Friday, August 20, 2010

Chiles


My mother and her boyfriend, Charley, went to Colorado for a long-weekend hiking trip and when they returned, they brought me a bundle of dried chiles. I hung them on a vacant nail above the kitchen archway, one that had been hammered in place by the last tenant and not quite in the right spot. As a result, they dangle a bit awkwardly—half above and half below the wood, a blip in the peripheral vision, like mistletoe.

Matt doesn’t want me to use them to cook because, bright red and just a bit wrinkled, they are beautiful against the faded green of the wall. But I can think of little else I need when dinnertime rolls around. I sneaked one into a quick ginger-beef stir-fry. I sliced one to add to a sweet-and-sour marinade for pork.
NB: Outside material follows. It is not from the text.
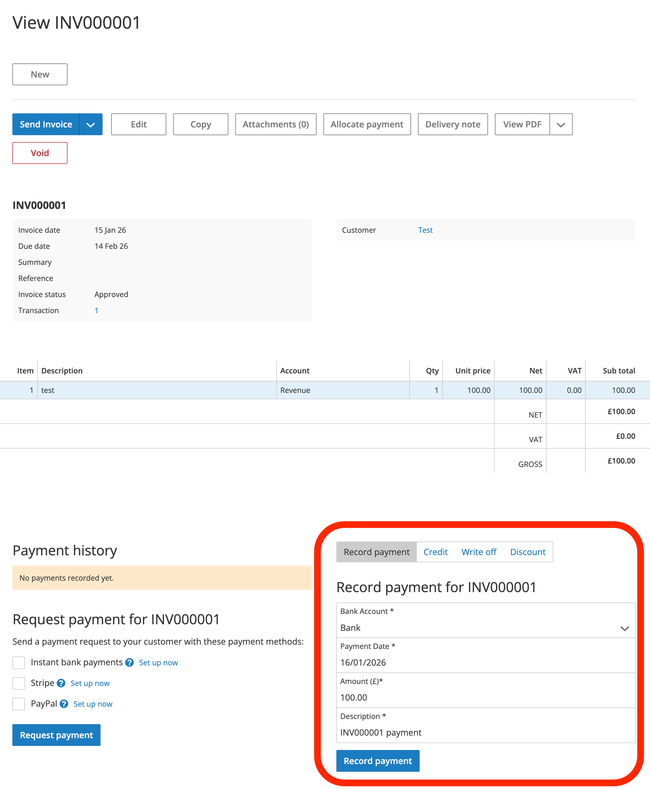 Paid plans have a streamlined feature that allows you to record payments directly on the invoice view.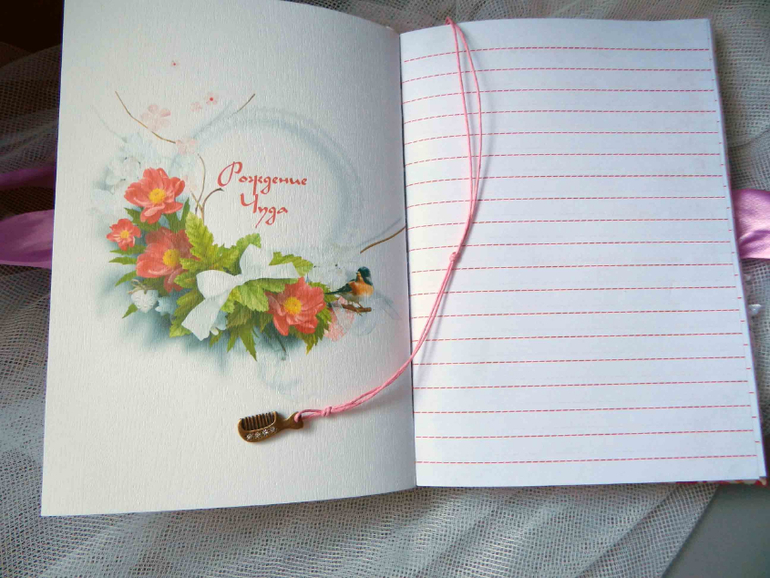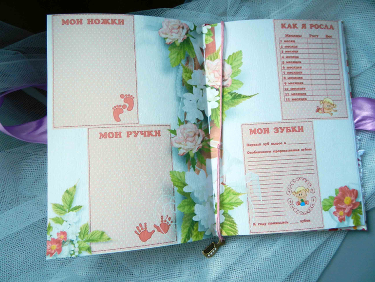 Есть красивое трогательное стихотворение, место для записей о беременности, родах, первых 12 месяцах жизни детки, первом дне рождения, раздел, где мамочка запишет первые слова и фразы, а так же разворотик для отпечатков(обрисовок) ручек, ножек, график роста и веса, график роста зубиков. В общем, смотрите, много фото)))

Tonight I’m making enchiladas and, well, you know. These chiles are intense and spicy, not for those with sensitive palettes. I love their not-so-subtle kick.
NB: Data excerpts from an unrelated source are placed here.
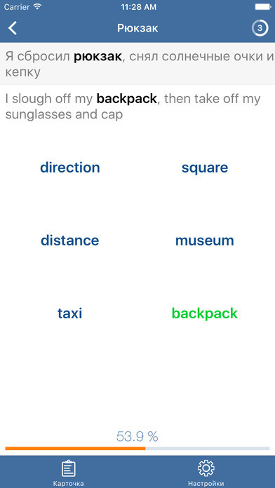 Программа предлагает вам на русском языке слово и предложение с этим словом. Вам необходимо ответить, как данное слово в текущем контексте должно быть переведено на английский язык.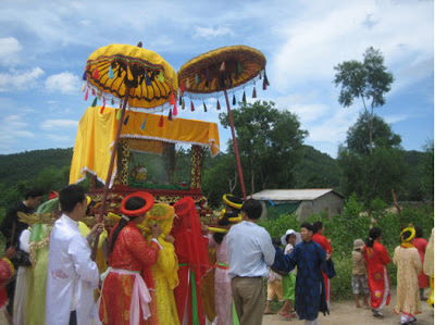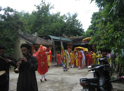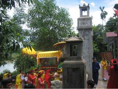 - 13giờ 30 dân làng với cờ lọng, chiêng trống lễ nhạc, tín hữu kế thừa… đến đền cách đình làng chừng 500 mét cung nghinh linh vị thánh mẫu về đình.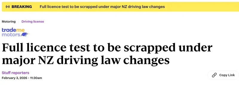 ref:https://www.stuff.co.nz/motoring/360933168/full-licence-test-be-scrapped-under-major-nz-driving-law-changes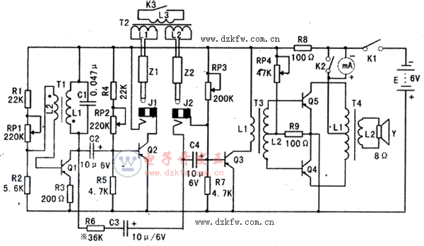 电路中的R6、C3组成正反馈电路。它的作用是将检测变压器中绕组L2中感应到的微弱音频信号电压反馈到Q2基极进行再放大,适当选择R6的数值可以调节测试仪的检测灵敏度。图中RP1为振荡器工作电流调节可变电阻.在电路制作完成后,将检测变压器铁心接触某其它变压器铁心,使主磁路接通。然后调节RP1,使振荡器起振(Q1正常工作电流为0.4~0.6mA)。若元件正常,安装无误,晶体管的工作点设置合适。应能听到扬声器发出的音频叫声。改变c1容量或振荡变压器T1的初级绕组L1匝数可改变振荡频率(即改变扬声器发出声音的声调)。图中RP2为放大管Q2 工作电流调节可变电阻,改变其阻值可调节测试仪的检测灵敏度。在电路制作完成后.调节RP2.使检测变压器铁心接触待测电机线槽嵌入线圈的铁心时(可人为将线圈短路),扬声器恰好停止发声或音量大幅减小。图中RP3为推动管Q3工作电流调节可变电阻,改变其阻值使Q3集电极工作电流为2mA~3mA即可(实际上也有调节测试仪检测灵敏度的作用)。图中RP4为功放级静态工作点电流调节可变电阻.改变其阻值使静态工作电流为2mA~4mA即可(可在K2断开时,在K2两端并联毫安表进行监测)。在测试仪各级工作电流确定正常后,RP1~RP4可换成固定电阻,以防日久可变电阻变质(值)影响测试仪工作。振荡变压器T1可用10K型中周“工”字型磁心作为骨架,L1用φ=0.07mm高强度漆包线绕60匝,L2用φ=0.07mm高强度漆包线绕6匝,并注意两绕组绕向正好相反。检测变压器T2用100VA变压器用“U”形铁心(若是用于检测小型电机,则T2铁心可根据实际情况确定。),铁心截面积2x3cm2.L1用φ=0.21mm高强度漆包线绕100匝,L2用φ=0.21mm高强度漆包线绕200匝。推动变压器T3可用上世纪80年代生产的晶体管收音机用小型输入变压器,初次级匝数比为2:1,若要自制.可用“E”型铁心,铁心横截面积5x5mm。,初级L1用φ=0.1mm高强度漆包线绕100匝,次级L2用φ=0.07mm高强度漆包线绕50匝,在25匝处抽头接R9。输出变压器T4也是用上世纪80年代生产的晶体管收音机用小型输出变压器.初次级匝数比为8:1.若要自制,也用上述输入变压器同样的铁心,初级L1用φ=0.1mm高强度漆包线绕200匝,在100匝处抽头接K3,次级L2用φ=0.1mm高强度漆包线绕25匝,扬声器可用φ=65mn/0.25W/8Ω,永磁式扬声器。晶体管Q1~Q5均用上世纪80年代生产的晶体管收音机用的锗三极管,其中Q1为3AG11.要求β>100,Q2~Q5用3Ax31A/B,要求β>50。若手头没有这类管子,也可用常用的硅管。Q1采用S9015.要求β>100,Q2、Q3采用S9012,要求β>80,Q4、Q5用S8550,要求β>50,其余元件见附图标注。开关K1、K2均采用小型扭子开关,插头、插座均采用小型耳寨机常用φ=2.5mm插头、插座。电流表可用量程100mA/91L16型小方型塑壳电流表。若不需要电流表显示,也可不用。由于测试仪不经常用,为减少测试仪体积。故电源采用4节5#碱性电池。整个测试仪电路元件可安装在85x40mm2的印板上.然后再将电路板装入90x45x30mm3的塑料机盒内。插座J1、J2、开关K1、K2及扬声器Y均安装在上盖板上,扬声器所在位置上盖板应用φ=2.5mm钻头钻若干个均匀分布的小孔.小孔面积应与扬声器纸盆面积相当。检测仪通过插头Z1、Z2、插座J1、J2与主电路板连接。插头z1、Z2引线最好采用带金属屏蔽的双芯软线,长度应大于1.5米。使用时将插头z1、z2插入插座J1、J2插孔,将电源开关置于“开”位置,就可进行检测了。测试完毕后.拔出捕头Z1、Z2.将电源开关置于“关”位置即可。

I am looking at the bundle of them now. They remind me of when I was small and my family took a trip to New Mexico during one summer vacation. There, we stayed in a small house with an adobe roof and sandy walls. I remember the burnished shades of orange and gold on the carpet in my bedroom. I remember the dry heat of the desert sun and the sharp prick on the soft flesh of my palm when I grabbed a cactus with my bare hands. I remember returning to Boston with the same kind of string of chiles, which my father hung in the archway between the kitchen and living room of my childhood home. I wasn’t interested in cooking then. I didn’t pay much attention as they slowly dried and then crumbled.